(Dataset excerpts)
===
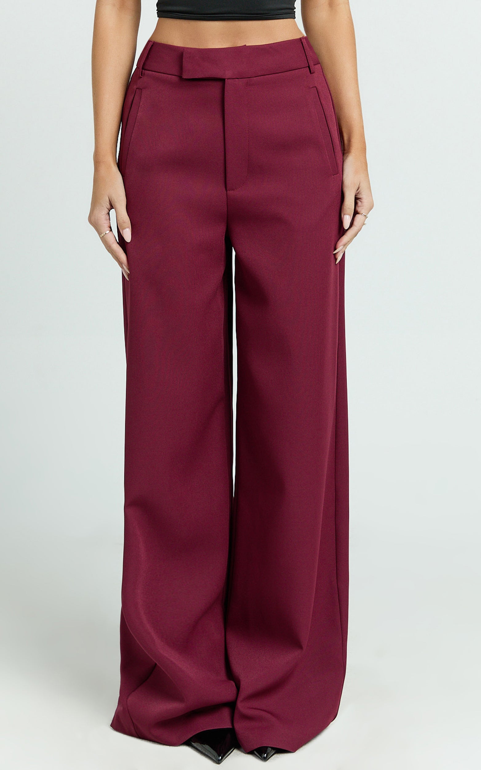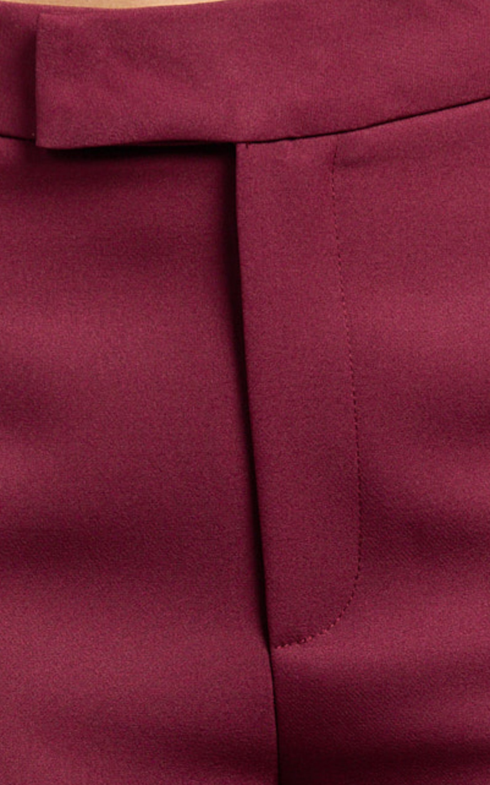 High-waisted and leg-lengthening, these wide leg tailored pants in a rich wine hue deliver instant polish with a relaxed, fluid drape. The silhouette channels Quiet Luxury while leaning into Maximalism with a bold colour pop, perfect for desk to dinner and every RSVP in between.
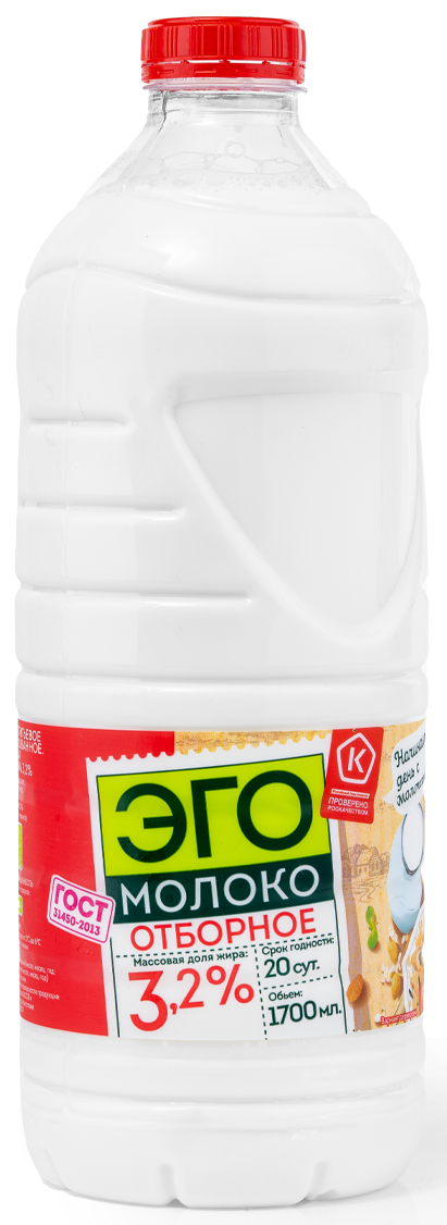 Молоко Эго Отборное пастеризованное 3.2%, 1.7л
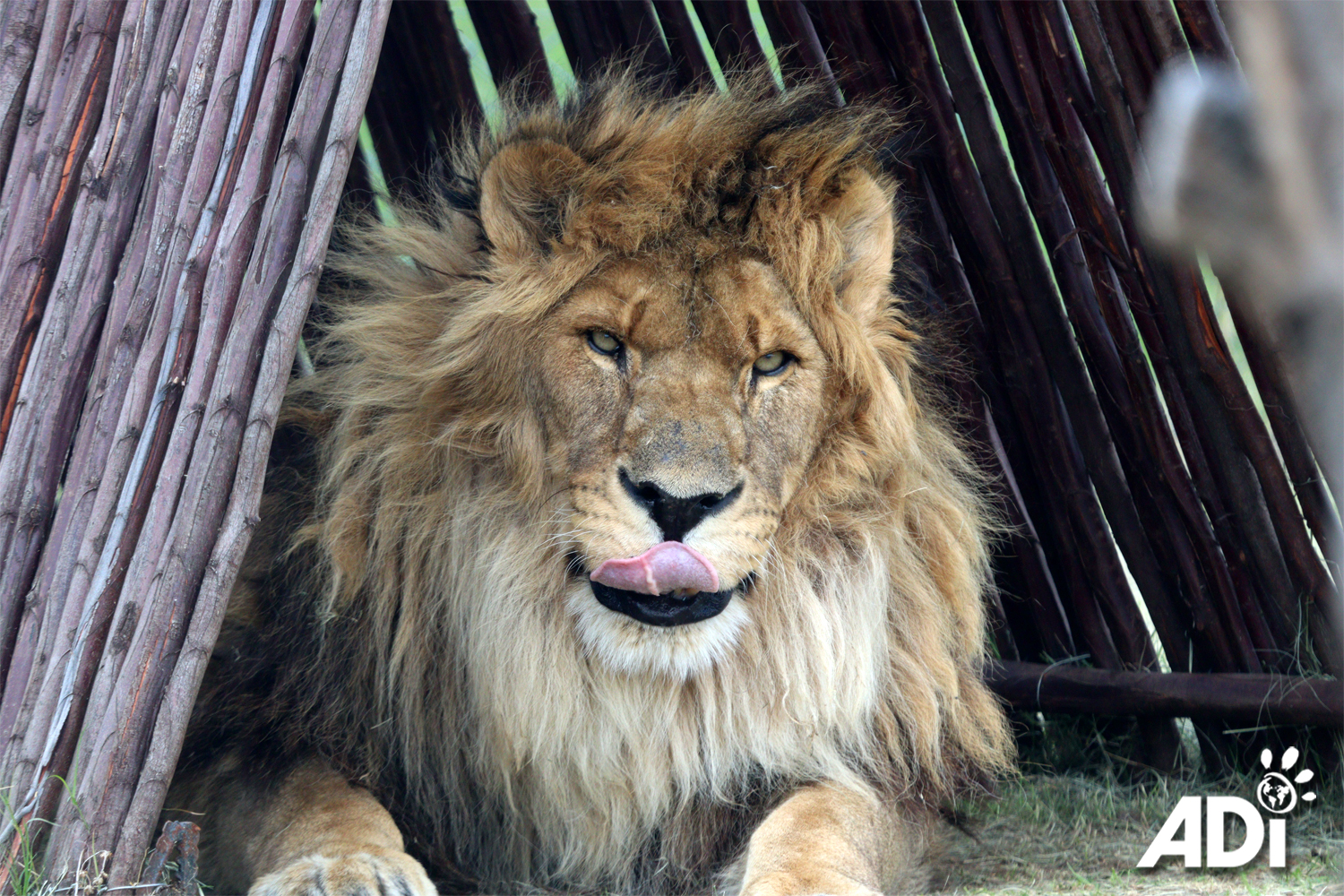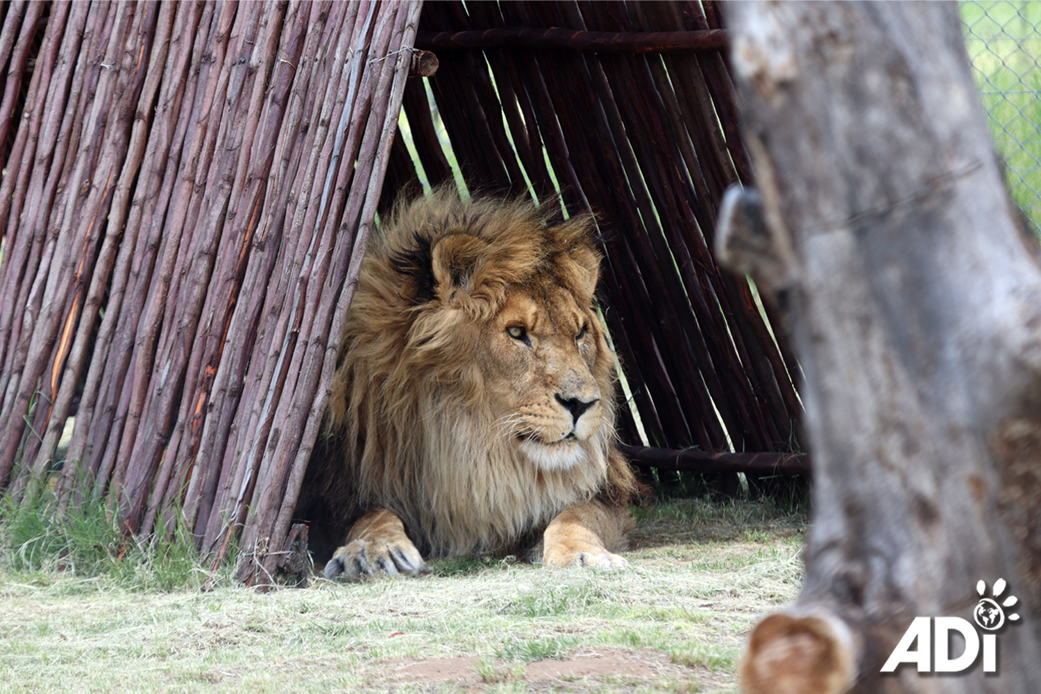 Giving a donation for enrichment at the ADI Wildlife Sanctuary pays for lots of different things – catnip sacks, giant balls, structures to hang toys up, A-frames for snoozing and watching the world. Toys for lions and tigers need to be regularly repaired and replaced – destruction is half their fun! Chino and Coco use their A-frames as gym equipment and Kesari likes to lean on his until he flattens it!
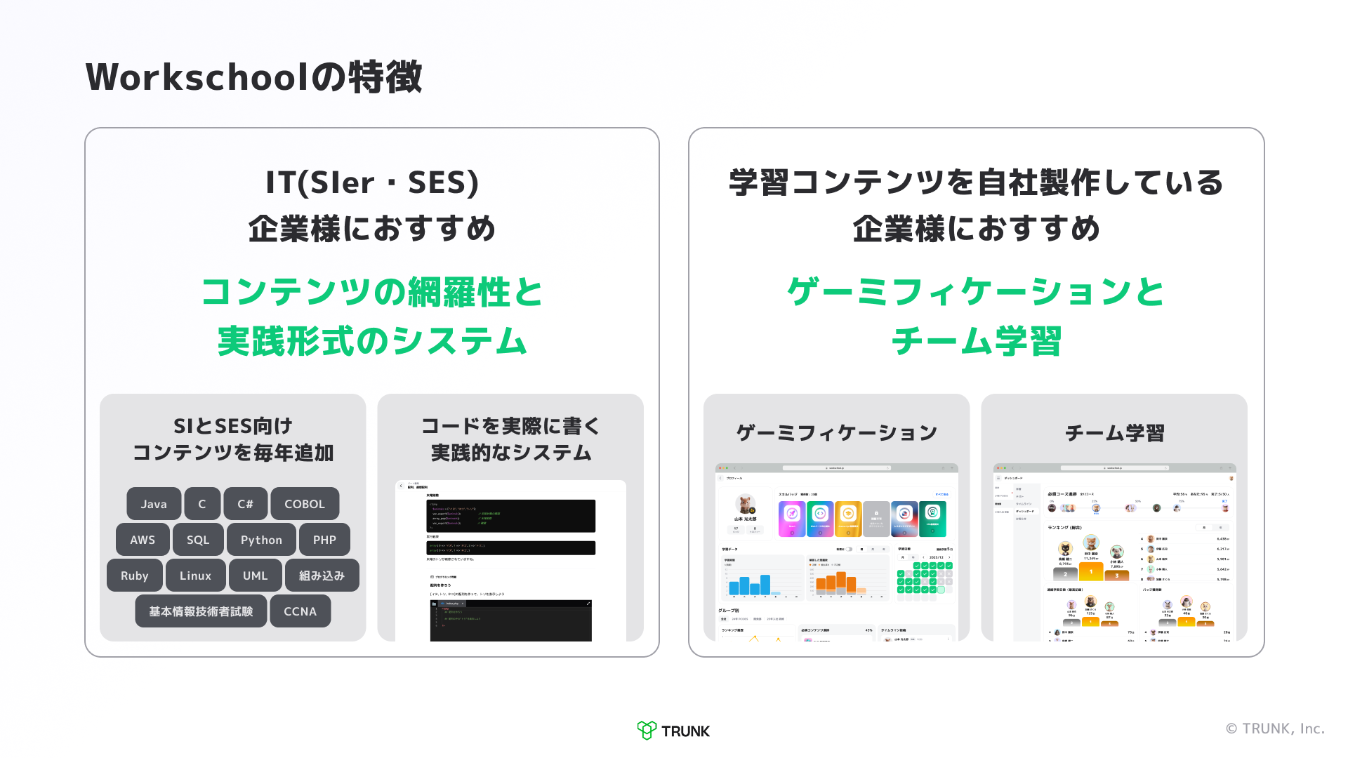 TRUNKは「学びを、やるものから、やりたくなるものへ。」を掲げ、企業向けに研修の運用・学習管理を支援するe-Learningシステムを提供しています。
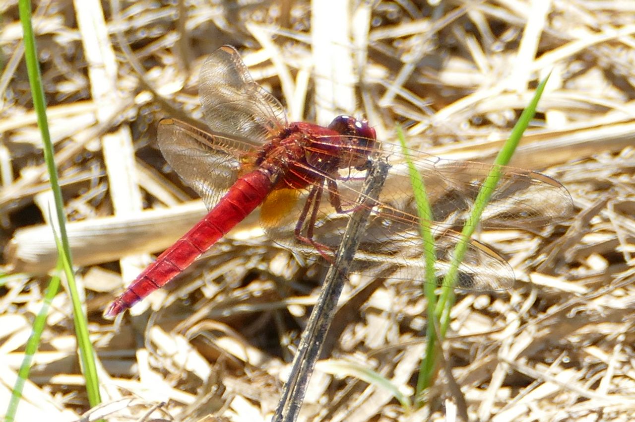 Die beiden Bilder zeigen das Männchen einer jungen blutroten Heidelibelle, das noch nicht ausgefärbt ist.
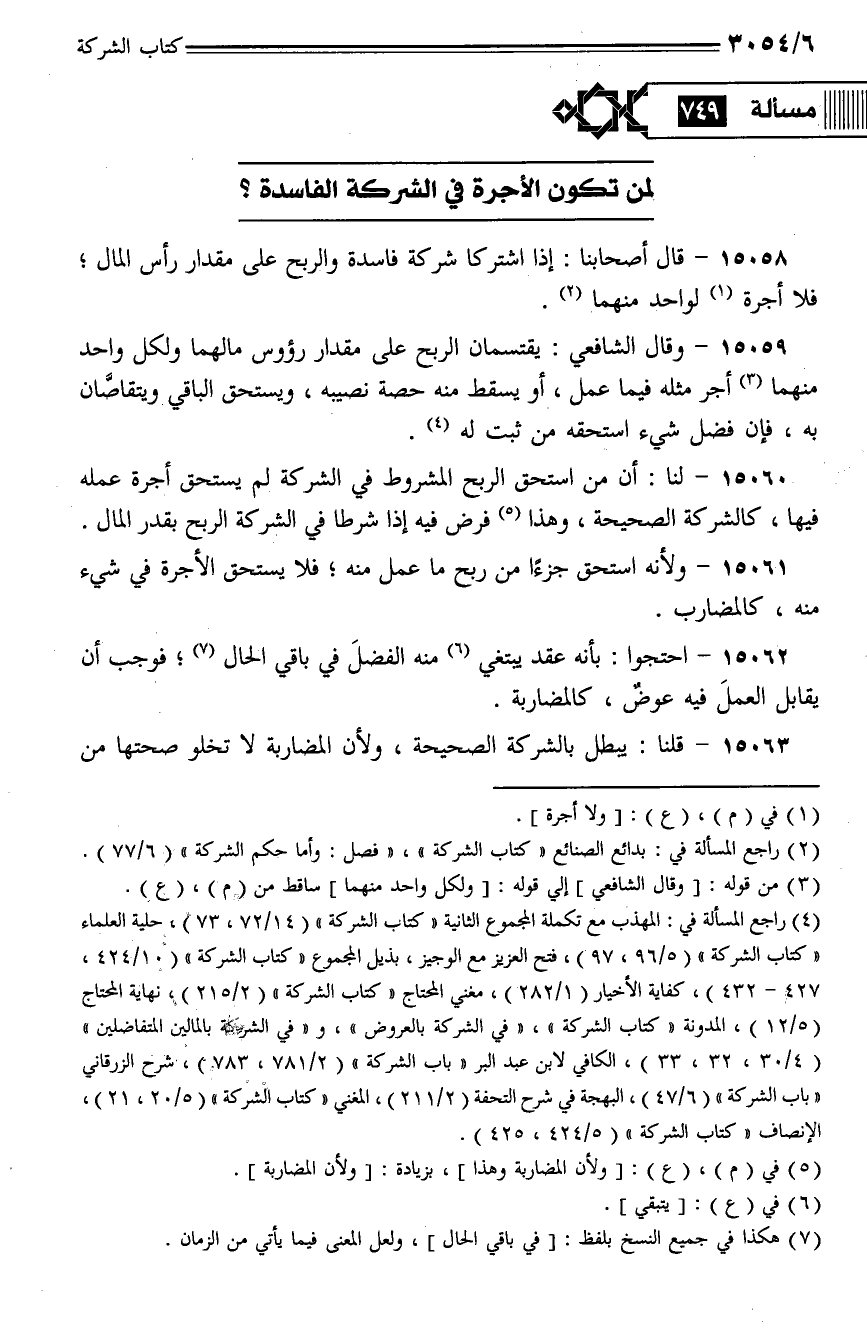 15058 - قال أصحابنا: إذا اشتركا شركة فاسدة والربح على مقدار رأس المال؛ فلا أجرة لواحد منهما.
===
> **Task brief**
Retype each line of the records exactly as it reads; no pictures belong in the copy.

> **Problem solution**
 High-waisted and leg-lengthening, these wide leg tailored pants in a rich wine hue deliver instant polish with a relaxed, fluid drape. The silhouette channels Quiet Luxury while leaning into Maximalism with a bold colour pop, perfect for desk to dinner and every RSVP in between.
 Молоко Эго Отборное пастеризованное 3.2%, 1.7л
 Giving a donation for enrichment at the ADI Wildlife Sanctuary pays for lots of different things – catnip sacks, giant balls, structures to hang toys up, A-frames for snoozing and watching the world. Toys for lions and tigers need to be regularly repaired and replaced – destruction is half their fun! Chino and Coco use their A-frames as gym equipment and Kesari likes to lean on his until he flattens it!
 TRUNKは「学びを、やるものから、やりたくなるものへ。」を掲げ、企業向けに研修の運用・学習管理を支援するe-Learningシステムを提供しています。
 Die beiden Bilder zeigen das Männchen einer jungen blutroten Heidelibelle, das noch nicht ausgefärbt ist.
 15058 - قال أصحابنا: إذا اشتركا شركة فاسدة والربح على مقدار رأس المال؛ فلا أجرة لواحد منهما.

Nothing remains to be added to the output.